Text in the records must be reproduced exactly, and pictures must be skipped.
####
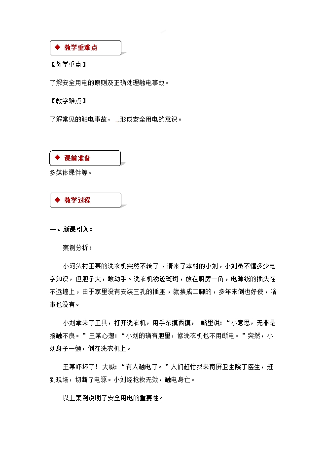 的教育内涵的具体表现,面对电气化普及的社会,安全用电知识的学习在以后的生产、生活实践中显得十分重要。通过学习本节教材的知识,学生能了解日常安全用电常识,规范日常用电行为,提高了学生利用知识解决实际问题的能力。因此这一节课无论在知识学习上还是培养学生的能力上都有着十分重要的作用。
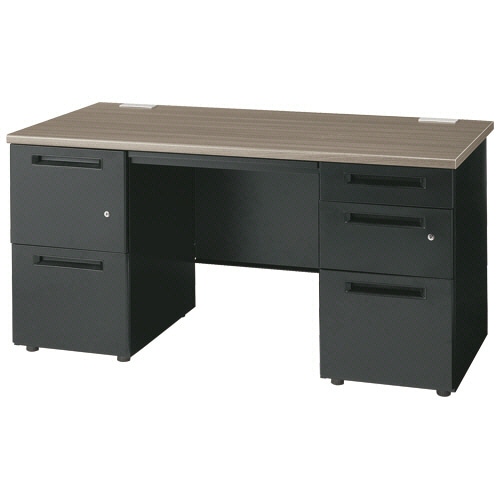 ●幅1400mm、天板がアッシュブラウン、本体がブラックの両袖机です。
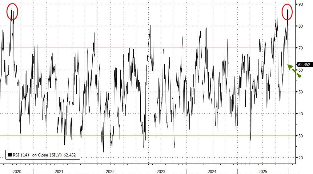 While there has been much talk of Silver being in a bubble, SocGen explained here why they disagree with the ‘models’, and we now note that silver no longer officially ‘overbought’…
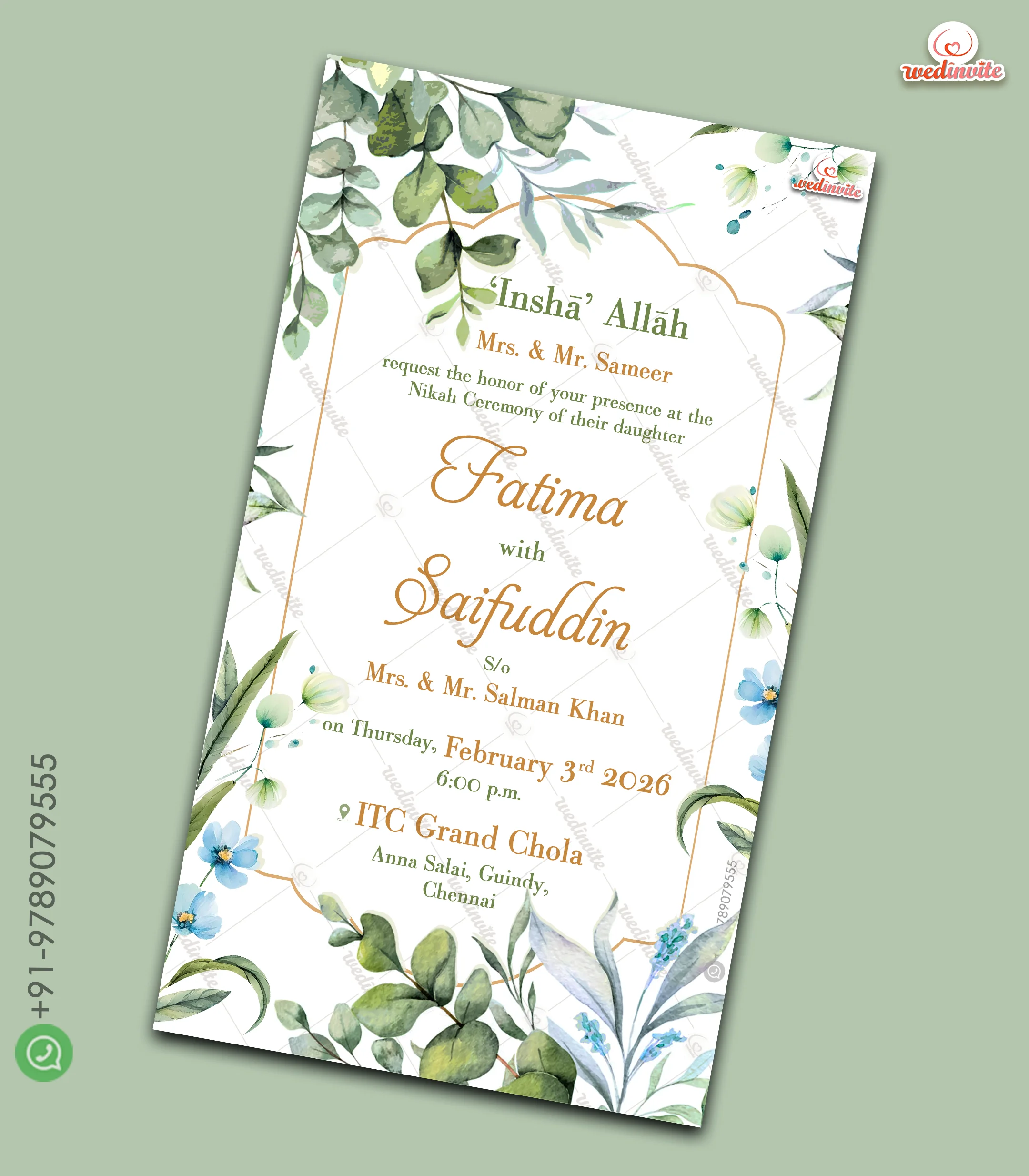 W4905 Elegant Green Theme Nikah Invite
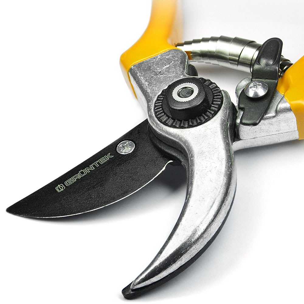 Рекомендовано для обрізки живих гілок Лезо із загартованої високовуглецевої сталі SK5 Покриття NON-Stick на лезі проти налипання Ергономічні алюмінієві рукоятки з покриттям з ПВХ. Довжина секатора 215мм "
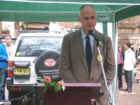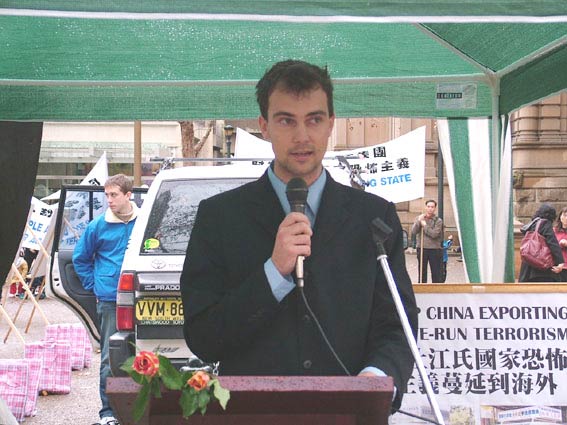 澳洲法轮大法佛学会发言人John Deller指出江氏对法轮功学员迫害的恐怖主义行径伤害了澳洲公民的人身安全,他希望所有善良的人们支持法轮功学员和谴责罪恶,因为这已关系到了每一个人。
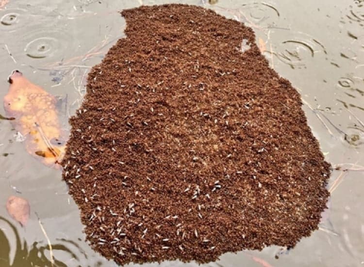 Estas formigas vermelhas formaram uma ilha flutuante pela qual podem se locomover na água sem se afogarem. Muito perspicaz!
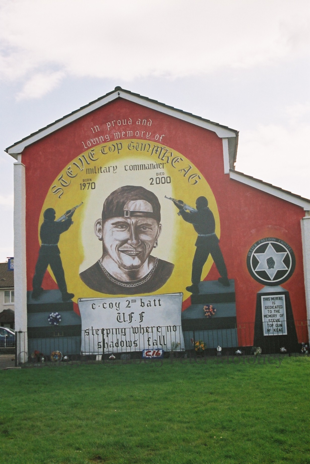 Adair was convicted of directing terrorism in 1995 (Guardian) but released from prison in September 1999 under the Agreement. In 2000 an astonishing number of murals – at least 18 large pieces and several smaller ones – were painted in Adair’s lower Shankill stronghold, and a few more were added in 2001 and 2002.
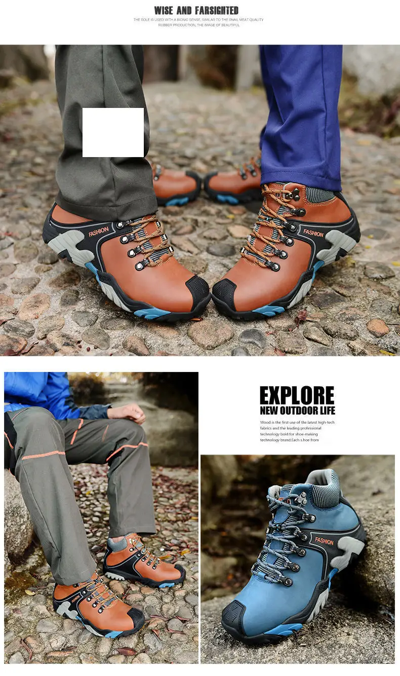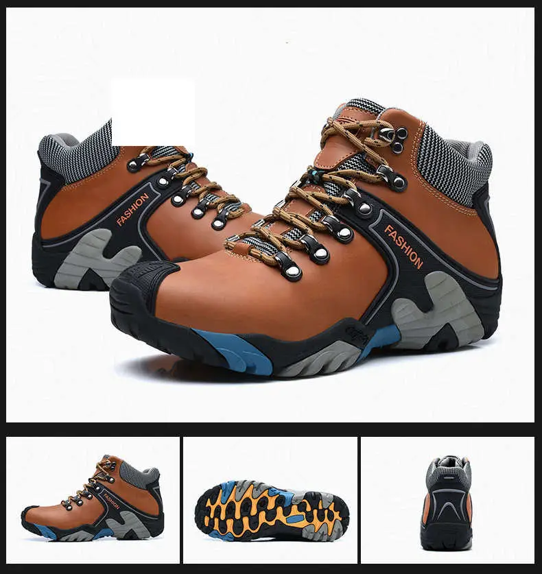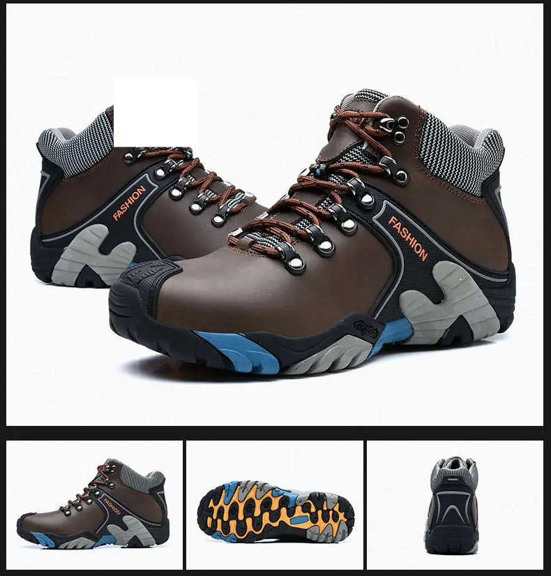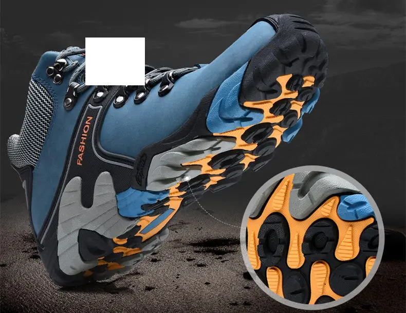 Высокое качество, синие мужские походные ботинки, уличные высокие охотничьи ботинки, мужские удобные треккинговые ботинки из натуральной кожи, большой размер 46
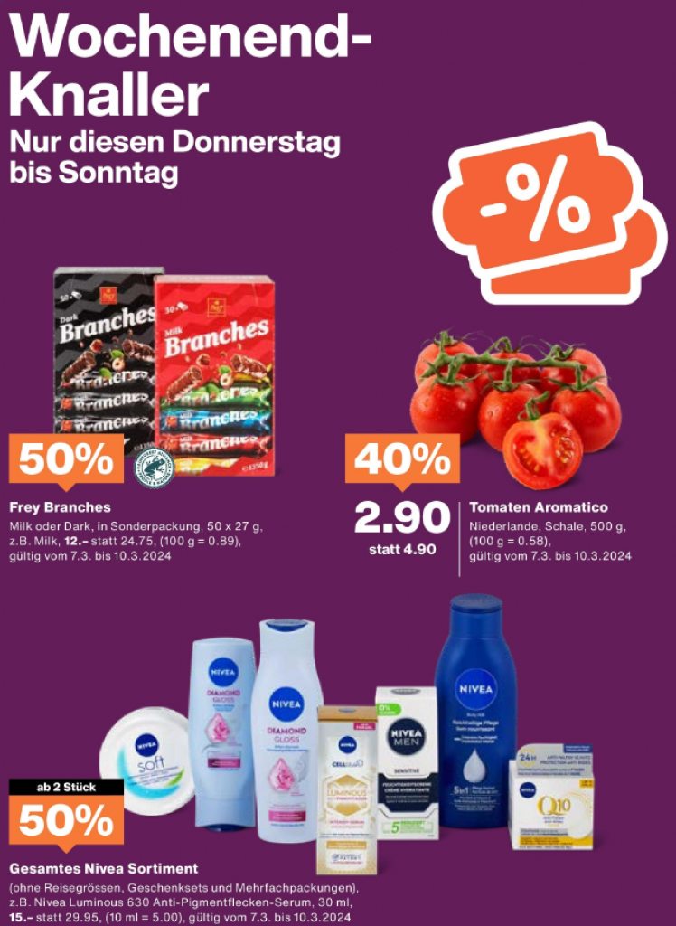 Aktuell gibt es bei der Migros die Wochendknaller Aktion mit zum Beispiel 50% auf das Nivea Sortiment ab 2 Stück, 50% auf Mil oder Dark Frey Brachnes (50x 27g = CHF 12.- statt CHF 24.75) und 40% Rabatt auf Tomaten Aromatico. (500g CHF 2.90 statt CHF 4.90)
####
**OUTPUT OF THE TASK:**
 的教育内涵的具体表现,面对电气化普及的社会,安全用电知识的学习在以后的生产、生活实践中显得十分重要。通过学习本节教材的知识,学生能了解日常安全用电常识,规范日常用电行为,提高了学生利用知识解决实际问题的能力。因此这一节课无论在知识学习上还是培养学生的能力上都有着十分重要的作用。
 ●幅1400mm、天板がアッシュブラウン、本体がブラックの両袖机です。
 While there has been much talk of Silver being in a bubble, SocGen explained here why they disagree with the ‘models’, and we now note that silver no longer officially ‘overbought’…
 W4905 Elegant Green Theme Nikah Invite
 Рекомендовано для обрізки живих гілок Лезо із загартованої високовуглецевої сталі SK5 Покриття NON-Stick на лезі проти налипання Ергономічні алюмінієві рукоятки з покриттям з ПВХ. Довжина секатора 215мм "
 澳洲法轮大法佛学会发言人John Deller指出江氏对法轮功学员迫害的恐怖主义行径伤害了澳洲公民的人身安全,他希望所有善良的人们支持法轮功学员和谴责罪恶,因为这已关系到了每一个人。
 Estas formigas vermelhas formaram uma ilha flutuante pela qual podem se locomover na água sem se afogarem. Muito perspicaz!
 Adair was convicted of directing terrorism in 1995 (Guardian) but released from prison in September 1999 under the Agreement. In 2000 an astonishing number of murals – at least 18 large pieces and several smaller ones – were painted in Adair’s lower Shankill stronghold, and a few more were added in 2001 and 2002.
 Высокое качество, синие мужские походные ботинки, уличные высокие охотничьи ботинки, мужские удобные треккинговые ботинки из натуральной кожи, большой размер 46
 Aktuell gibt es bei der Migros die Wochendknaller Aktion mit zum Beispiel 50% auf das Nivea Sortiment ab 2 Stück, 50% auf Mil oder Dark Frey Brachnes (50x 27g = CHF 12.- statt CHF 24.75) und 40% Rabatt auf Tomaten Aromatico. (500g CHF 2.90 statt CHF 4.90)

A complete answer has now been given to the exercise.